With a growing population of 1.33 billion, India remains one of the most densely populated countries across the globe. 

In latter years, advancing infrastructure and a move towards a free economy has enabled growth in key sectors such as Tech and FinTech, where, according to Statista, nearly 90% of individuals now have and utilise mobile devices and 29.5% regularly access the internet. 

This growth has also paved way for the expansion of retail giants like Ikea, Zara and Amazon to penetrate the region, with e-commerce growth forecasted at 17.8% by 2022. 

For forward thinking businesses and organisations, India is fast becoming a land of opportunity, enabling brands to expand their footprint by simply adhering to the advancing demands of the country’s growing population. 

With 84.5% of the population having consistent access to electricity, this potential for growth is inherent within the energy Utility sector too. With increasing energy demands coinciding with the move to deregulation and regional concessions for electrical supply, it is the first movers amongst the private Utility companies who are set to reap the rewards. 



With India being the third largest contributor of greenhouse gases, after China and USA, the Government is driving the world’s largest renewable energy programme  with a target of 500 gigawatts of capacity by 2030 (increasing from just 80 gigawatts today). 

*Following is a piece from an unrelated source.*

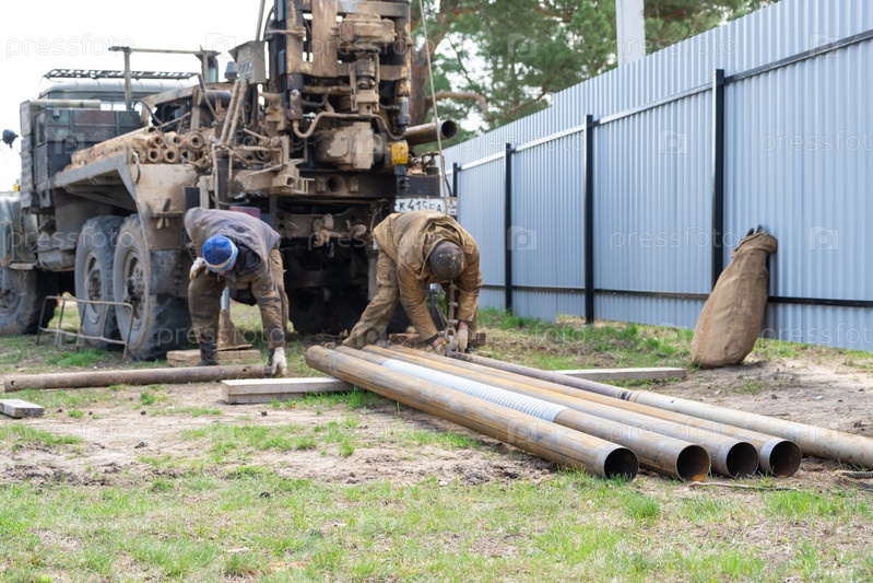 Бригада рабочих с буровой установкой на машине бурит артезианскую скважину для воды в земле. Закладка металлической обсадной трубы в землю, установка индивидуального питьевого водоснабжения, 28 июня 2022, Россия,

This goes hand in hand with a desire to change consumer behaviour, such as switching from coal burning ovens, a contributor to high smog levels, and banning the use of plastics. In Mumbai for example residents face a fine of up to 25,000 rupees [£276] and three months jail-time for the use of single-use plastics, such as bags, cups or bottles. 

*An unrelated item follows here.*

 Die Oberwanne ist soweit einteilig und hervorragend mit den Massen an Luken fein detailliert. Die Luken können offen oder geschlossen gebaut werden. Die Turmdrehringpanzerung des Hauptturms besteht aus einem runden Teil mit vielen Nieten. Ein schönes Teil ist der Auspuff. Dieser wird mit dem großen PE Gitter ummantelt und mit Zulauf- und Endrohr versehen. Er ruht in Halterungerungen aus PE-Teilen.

Additional developments include the proposed ban on non-electrical vehicles by 2030 in key urban locations, like Kolkata. As one of India’s cities fighting the highest level of pollution, this move could significantly improve the country’s air quality, but comes with a number of clear issues that need to be addressed and resolved. This includes the implementation of consistent and efficient charging points that are supported by stable distribution, uninterrupted transmission and accelerated power generation. 

Utilities must keep pace with this national green energy agenda. Energy company, CESC, has been gearing up for an EV charging pilot to test the viability of a charging stations network covering Kolkata and certain parts of the Howrah district. If successful, Kolkata will welcome 150 EV charging stations situated around an area of 567 square kilometres, which would be ground breaking for the country. 



Maintaining consistent supply, managing inconsistent infrastructure, setting up new connections and servicing increasingly demanding customers can put a great deal of pressure on resources.

Equally, homeowners face challenges in keeping their lights on and home running. Electrical wiring which may be unsuitable for the increased burden of additional appliances electrical, and issues with finding reliable tradespeople for example. 

In a recent homeowner survey commissioned by HomeServe in India, 78% of respondents felt that finding a suitable supplier for home emergency repairs at short notice is problematic. 81% were concerned about quality of workmanship and 78% had a fear of being over charged. 



With a fast changing landscape the key for Utilities achieving a competitive advantage is to adopt a more holistic approach to the use of energy in the home. Simple service offerings such as improving electrical wiring or providing maintenance and repair services, would not only protect consumers, but would also enhance customer relationships, shaping positive perceptions of Utility providers. 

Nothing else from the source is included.